Recall, to find the confidence interval for a population proportion, you used the normal distribution and to find the confidence interval for population mean, you used the Student's $$t$$-distribution. In this section, we will need to introduce a new distribution called the $$\chi^2$$ distribution, which we will use a table.

First, the $$\chi^2$$ distribution curve is not symmetrical and depends on the degree of freedom ( $$df = n-1$$ ). The smaller the degree of free, the curve looks more skewed right. The bigger the degree of freedom, the curve looks more symmetric.

Second, $$\chi^2$$-distribution table relies on the degree of freedom ( $$df =n-1$$ ) and the area in the right tail. In the table, the first column gives to the degree of freedom. The first row indicates the subscript value for the $$\chi^2$$ critical values. This subscript represents the area in the right tail.

##### Example 7.4.1

Given $$n=12$$, find $$\chi^2_{0.01}$$.

Notice that $$\alpha$$ (the subscript) is $$0.01$$. This represents the area in the right tail.
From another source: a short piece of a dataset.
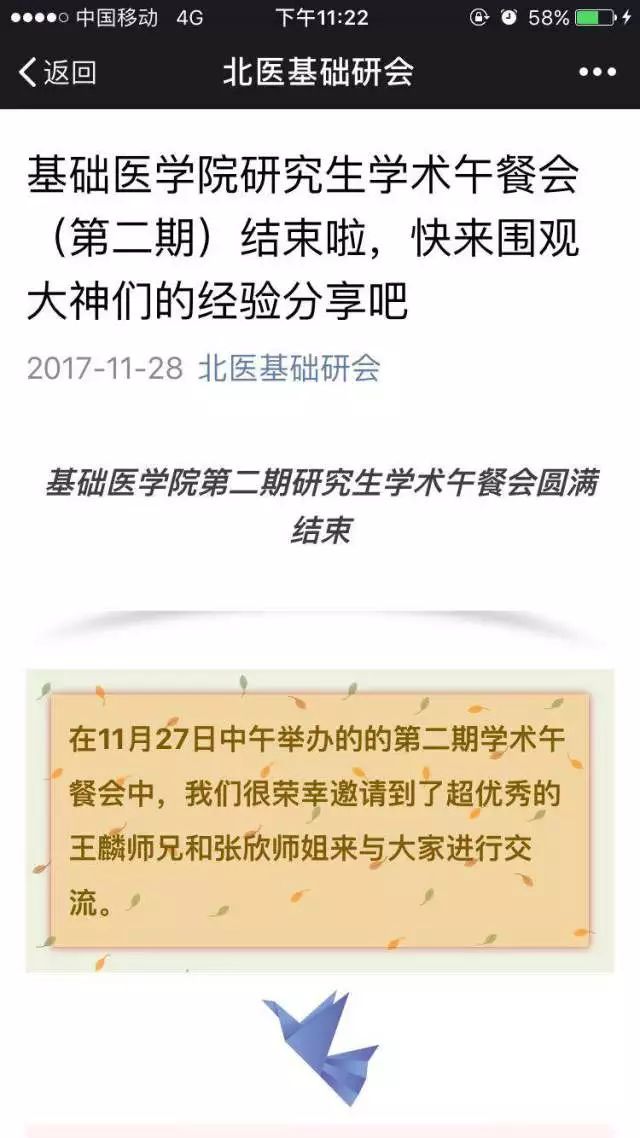 由于第一期活动的成功举办,第二期活动参与人数由第一期的30余人升至50余人。第二期午餐会,基础医学院邀请到了研究生国家奖学金获得者王麟和张欣同学。作为基础医学院优秀研究生的代表,他们分享了自己在科研、学习、生活中的许多宝贵经验。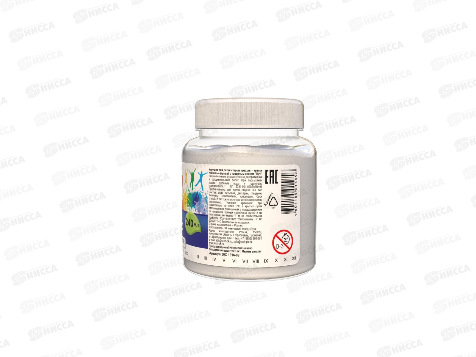 Гуашь ЛУЧ 240мл белила цинковые, 30с1816-08 *15

Draw a $$\chi^2$$ curve, shade the right tail as 0.01. Since $$n=12$$, that means the degree of freedom $$df=11$$.

Figure 7.4.3

Under the column labeled as $$0.01$$ and across the row of degree of freedom $$df=12-1=11$$

Figure 7.4.4

Thus, we can label that the tail begins at $$\chi^2_{0.01} =24.725$$.

Figure 7.4.5

The following is the confidence interval for a population standard deviation:

$\sqrt{ \dfrac{(n-1) s^2}{\chi^2_{\alpha/2}} } < \sigma^2 < \sqrt{ \dfrac{(n-1) s^2}{\chi^2_{1-\alpha/2}} }$

where the lower boundf$$\sqrt{ \dfrac{(n-1) s^2}{\chi^2_{\alpha/2}}}$$ and the upper bound = $$\sqrt{ \dfrac{(n-1) s^2}{\chi^2_{1-\alpha/2}}}$$

Requirement: $$X$$ is normally distributed.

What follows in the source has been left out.